Without copying any pictures, restate exactly the lines from the start of the records through the line containing "- 100pcs Dual".

(Recorded data)
********

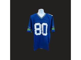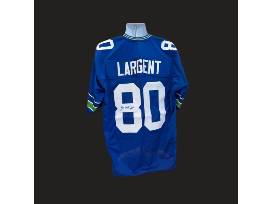 Steve Largent (Seattle Seahawks #80) Autographed replica Jersey. Autographed at Gridiron Greats Hall of Fame 2024.
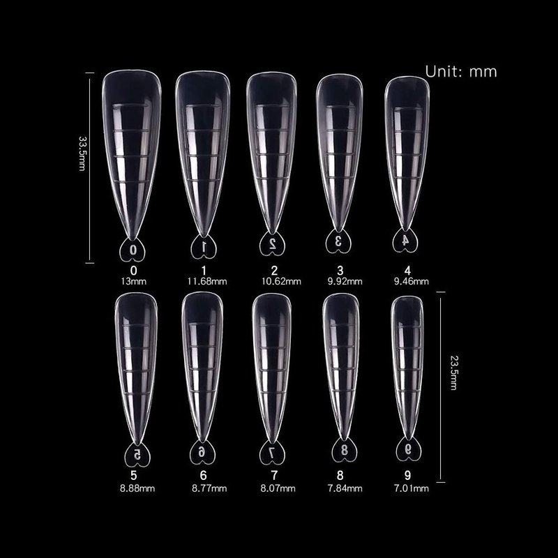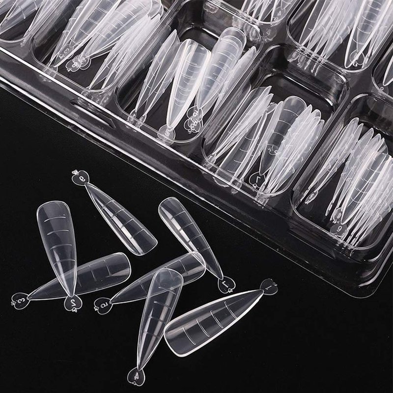 - 100pcs Dual Forms Stiletto are made with high quality ABS material, which is thick and sturdy enough to last about 2-3 week.10 Different Sizes, to meet the needs of different nails.
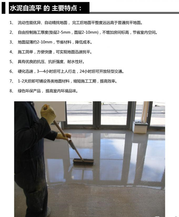 水泥自流平是一種科技含量高、技術(shù)環(huán)節(jié)復(fù)雜的高新綠色產(chǎn)品.是由多種活性成分組成的干混型粉狀材料,自流平是一種地面施工技術(shù),它是由多種材料同水混合而成的液態(tài)物質(zhì),倒入地面后,這種物質(zhì)可根據(jù)地面的高低不樣順勢流動,對地面進(jìn)行自動找平,并能很快干燥,固化后的地面會形成光滑、平整、無縫的新基層。
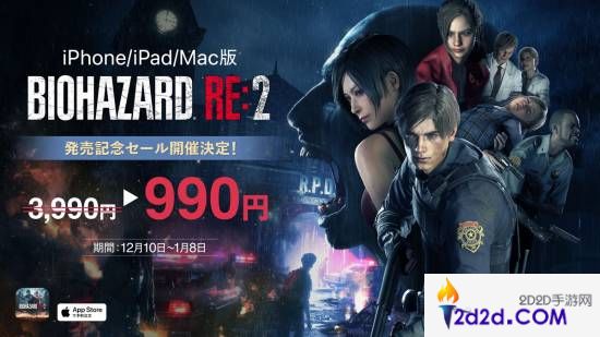 卡普空今日宣布,将为苹果版《生化危机2 重制版》开启首发优惠活动。12月10日至明年1月8日期间,原价3990日元的《生化危机2 重制版》,优惠后的价格仅需990日元(约人民币45元)。
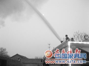 據(jù)消防人員描述,事發(fā)時,現(xiàn)場上空彌漫著大量濃煙,整個作坊大院里也被濃煙覆蓋,并不時有火焰從院墻里竄出,火勢最高時甚至能達到3—4米,并長時間處于猛烈燃燒階段。據(jù)悉,由于著火的主要是木頭等易燃品,再加上風力較大,大火借著大風迅速蔓延,嚴重危及毗鄰建筑和周圍人員的生命財產(chǎn)安全。為了控制火勢,消防官兵分為兩組,一組爬上周圍建筑,從上方射水滅火,另一組從正面射水滅火,兩路夾擊扼殺火勢。
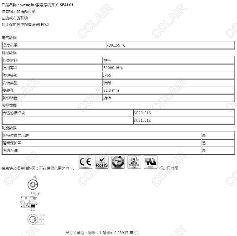 詳細(xì)信息 SEAL01,wenglor緊急停機(jī)開(kāi)關(guān)

********

RESULT →
 Steve Largent (Seattle Seahawks #80) Autographed replica Jersey. Autographed at Gridiron Greats Hall of Fame 2024.
 - 100pcs Dual Forms Stiletto are made with high quality ABS material, which is thick and sturdy enough to last about 2-3 week.10 Different Sizes, to meet the needs of different nails.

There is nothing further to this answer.